▶ **Directions for this task**
After locating the line with "Dom Eugênio Sales" in the entries below, output it and each following line up to and including the line with "Dinosaur Pleated Fashion", exactly and without pictures.

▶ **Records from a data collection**

-=-=-=-=-

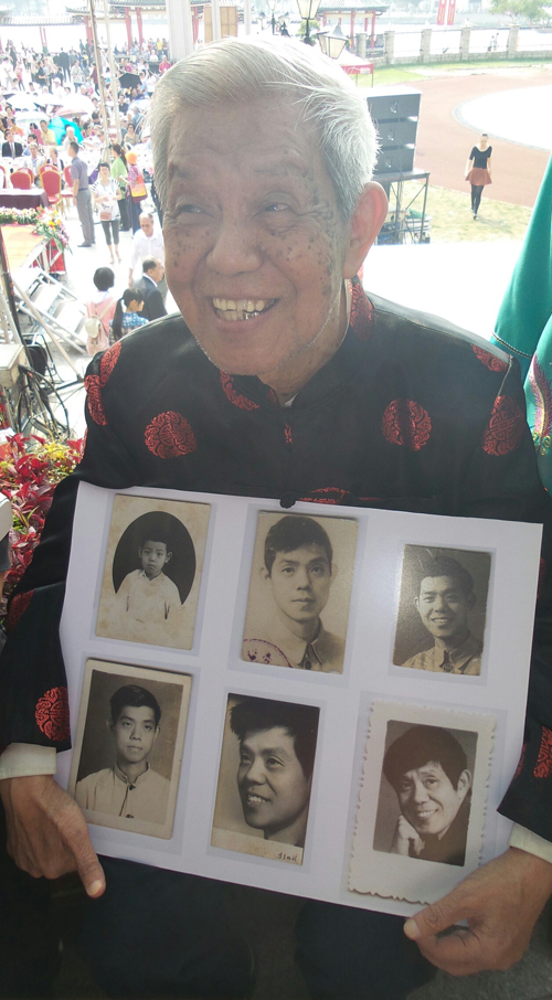 年过8旬的音乐老師陈源清拿着自己年轻时候的照片坐在长椅上,照片上的他凛然是一名帥小伙儿。如今虽然岁月在他脸上印下了痕迹,但是却为他留下了众多学子。几名从香港过来的学子纷纷走到老人身边共同追忆当年往事并现场共同唱起当年老師创造的歌曲,气氛融洽令人感动。
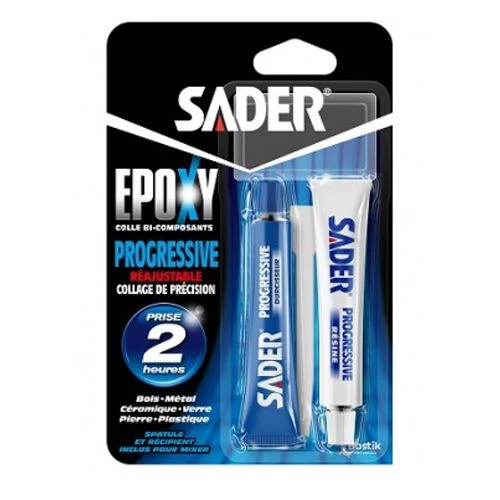 La colle Epoxy Progressive de la marque Sader est une colle bi-composante durable conçue pour les collages mĂ©ticuleux, car elle est ajustable pendant les deux heures qui suivent le mĂ©lange. Elle offre un collage puissant avec une rĂ©sistance finale de 130 kg / cmÂČ, et peut ĂȘtre utilisĂ©e en extĂ©rieur comme en intĂ©rieur. De plus, elle est rĂ©sistante Ă l’humiditĂ©, aux hautes tempĂ©ratures et aux hydrocarbures. En effet, cette colle s’utilise sur plusieurs types de matĂ©riaux : mĂ©tal, bois, cĂ©ramiques, plastique, verre, pierre, faĂŻence, bĂ©ton, marbre et bien d’autres encore.
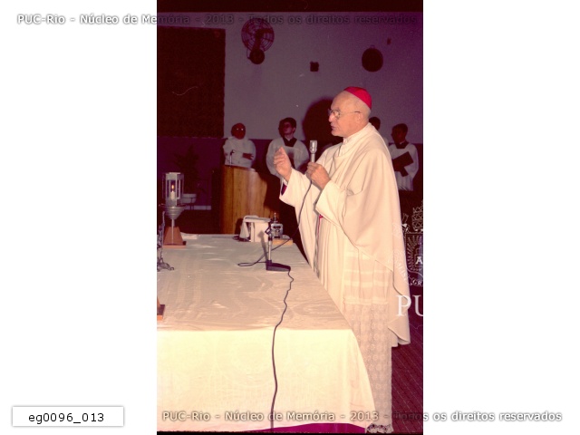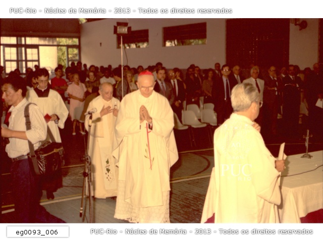 Dom Eugênio Sales e dom Helder Camara na Missa de Ação de Graças em homenagem aos 50 anos da PUC-Rio. |
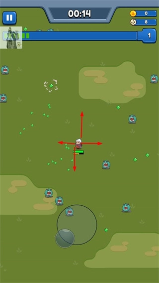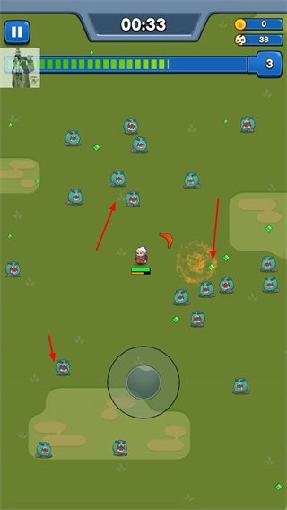 1、操控角色在地图中移动,收集绿色晶体资源,同时攻击蓝色怪物,提升等级。
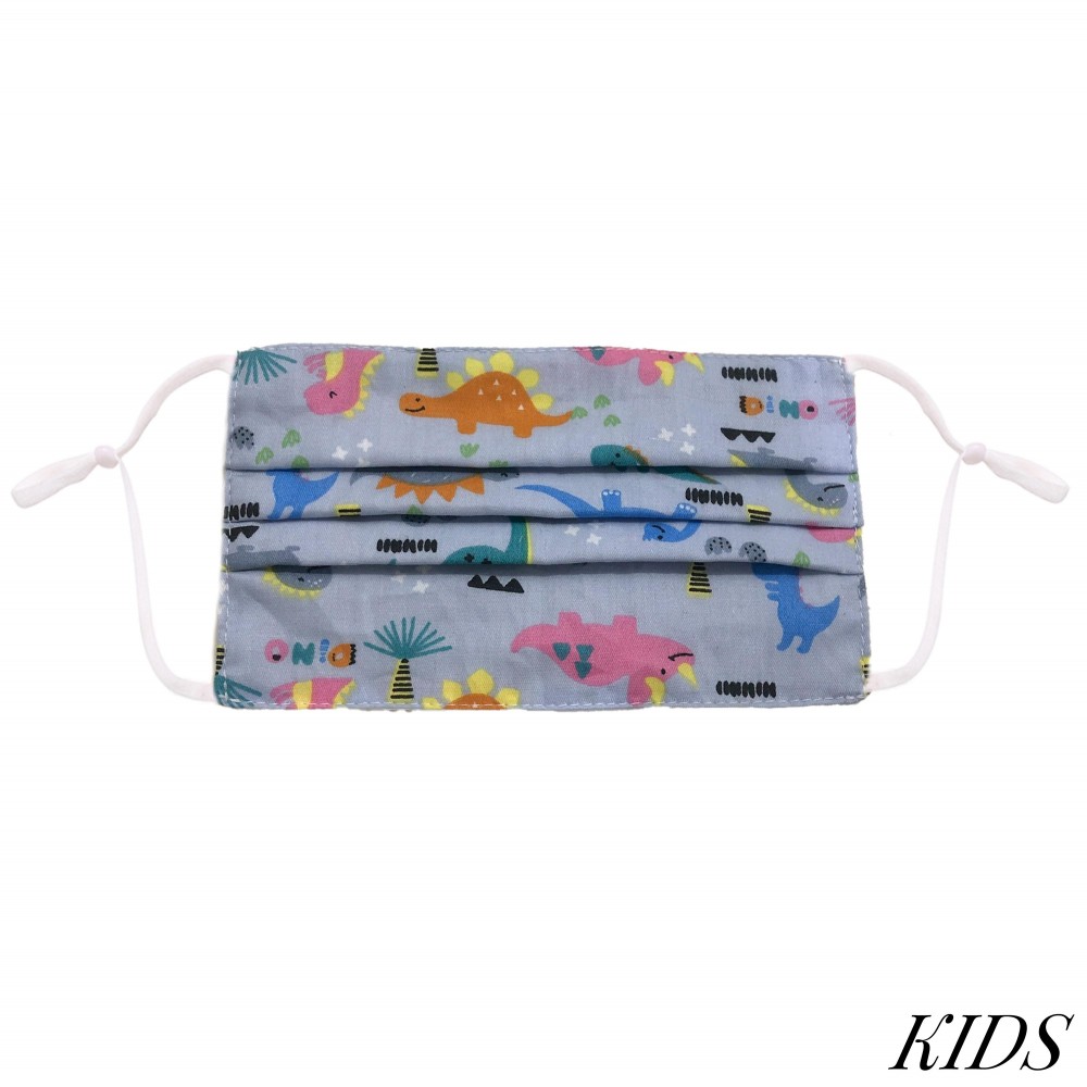 Dinosaur Pleated Fashion Face Mask Featuring Adjustable Ear Loop.
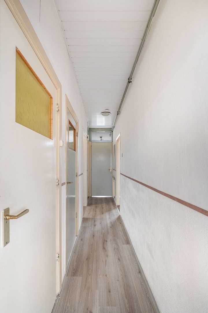 Woningentree via open portiek; gang met meterkast, bergkast; ruime woonkamer met sfeervolle erker en toog naar de bijgetrokken voorzijkamer; nette keuken voorzien van een gaskookplaat met openslaande deur naar het balkon; 1e slaapkamer aan de achterzijde; 2e slaapkamer aan de achterzijde met toegang tot het balkon; eenvoudige badkamer met douche en wasmachine aansluiting; separaat toilet;
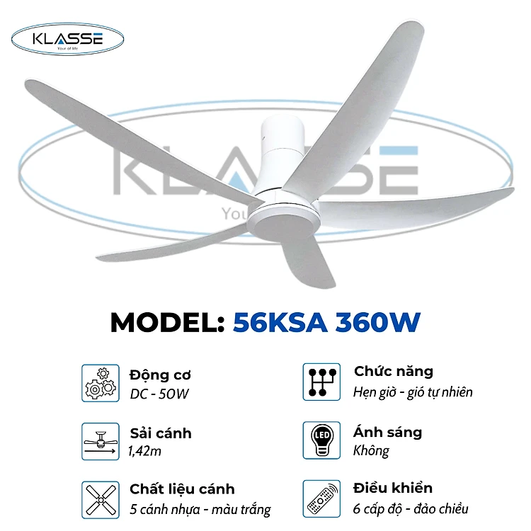 Quạt trần không đèn Klasse 56KSA 360W Hàng chính hãng
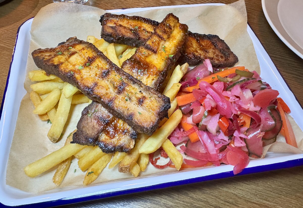 Clapping eyes on my Rib Combo platter, I knew we’d gone waaaaay beyond stretchy trouser territory and were firmly ensconced in ‘pass the kaftan’ country! Jeez, Louise, there’s huge and then there’s platters that are worthy of their own postcode; given the size of the ‘half rack’ of Pork Ribs, I’d be gob-smacked at a full one! You all know me, though: shoulders back, chest up, and let’s get cracking.
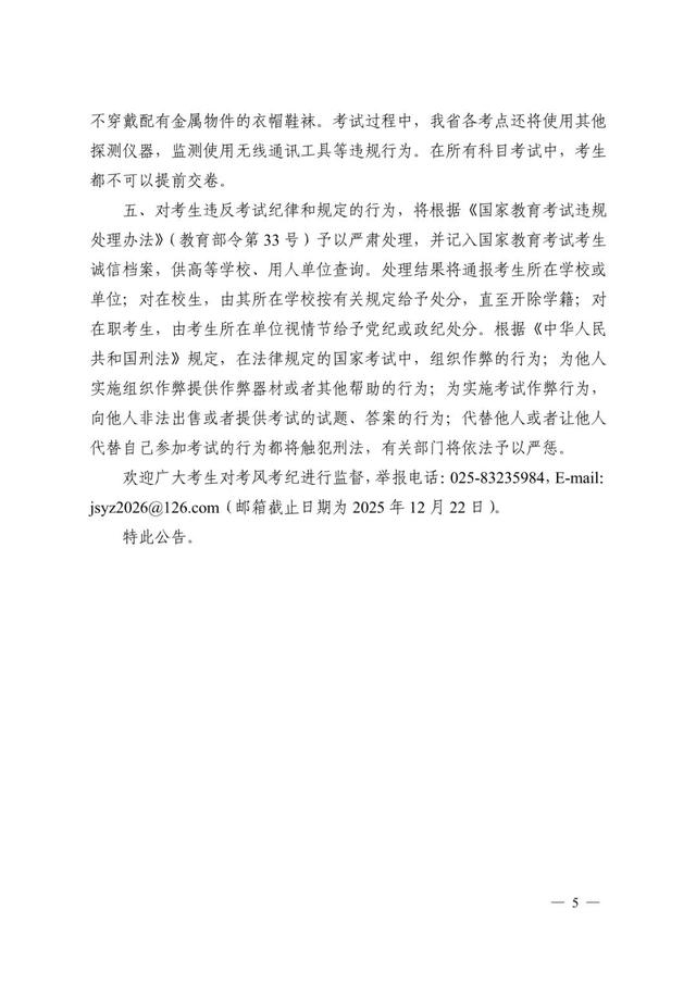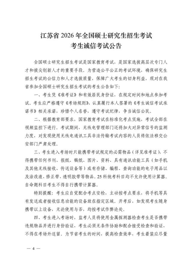所有考生须认真阅读并遵守考场规则及江苏省2026年全国硕士研究生招生考试考生诚信考试公告。

-=-=-=-=-

▶ **Solved problem**
 Dom Eugênio Sales e dom Helder Camara na Missa de Ação de Graças em homenagem aos 50 anos da PUC-Rio. |
 1、操控角色在地图中移动,收集绿色晶体资源,同时攻击蓝色怪物,提升等级。
 Dinosaur Pleated Fashion Face Mask Featuring Adjustable Ear Loop.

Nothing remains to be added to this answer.